In this tutorial, we'll learn how to create a decile column using Python's Polars library. Deciles are a common way to divide data into ten equal parts, each containing 10% of the values. They are often used in statistics to understand data distribution, making them a powerful tool in data analysis.
Installing Polars
Polars is a high-performance DataFrame library that's well-suited for handling large datasets. We can install polars using pip.
pip install polarsLoading and Understanding the Data
Let's start by loading a dataset. For this example, we'll create a DataFrame with some random numerical values:
import polars as pl
import numpy as np
# Creating a DataFrame with random data
data = pl.DataFrame({
'id': np.arange(1, 101),
'value': np.random.randint(100, 1000, 100)
})
print(data)

This will generate a dataset with 100 rows and two columns: id and value.

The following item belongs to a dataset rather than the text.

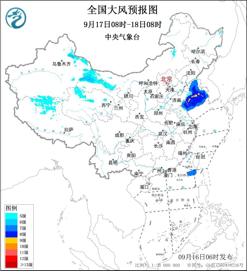 预计,9月16日8时至17日8时,新疆东部及南疆盆地、甘肃河西、青海北部、内蒙古西部和中东部、东北地区西部、山东半岛等地部分地区有5级、阵风7级的大风,其中,内蒙古东北部的部分地区风力可达7级、阵风9级;渤海、渤海海峡、黄海北部和中西部海域将有7~8级、阵风9级的大风,其中黄海中西部的部分海域风力可达9~10级、阵风11级。

The value column contains random integers between 100 and 1000
Calculating Deciles
The decile for each row will be based on the value column. We'll use Polars' qcut function to divide the data into deciles.
Here’s how to create a decile column:
import polars as pl
import numpy as np
# Creating a DataFrame with random data
data = pl.DataFrame({
'id': np.arange(1, 101),
'value': np.random.randint(100, 1000, 100)
})
print(data)
# Define the number of deciles
decile_bins = 10
# Calculate deciles and create a new 'decile' column
data = data.with_columns(
# Use pl.col('value') to access the column and then apply qcut
pl.col('value').qcut(decile_bins).alias('decile')
)
print(data)

Explanation:
- pl.qcut('value', decile_bins) divides the value column into 10 quantiles (deciles).
- The result is a new column called decile, where each row is assigned a decile rank from 0 to 9 (i.e., the 1st to 10th decile).
Sorting and Grouping by Deciles
We might also want to sort the data or group it by deciles to get an overview:
1. Sorting by Decile:
# ...
sorted_data = data.sort('decile')
print(sorted_data)
Output:

2. Grouping by Decile and Calculating Summary Statistics:
# Group by decile and calculate summary statistics
summary_stats = data.groupby('decile').agg(
[
pl.col('value').mean().alias('mean_value'),
pl.col('value').min().alias('min_value'),
pl.col('value').max().alias('max_value'),
pl.count().alias('count')
]
)
print(summary_stats)
Output:

This will give us a summary of each decile, showing the mean, minimum, and maximum values for the value column, along with the number of rows in each decile.
Conclusion
Creating decile columns in Python using Polars is straightforward and efficient. With the qcut function, we can quickly assign deciles to our data and use them for analysis, sorting, or grouping.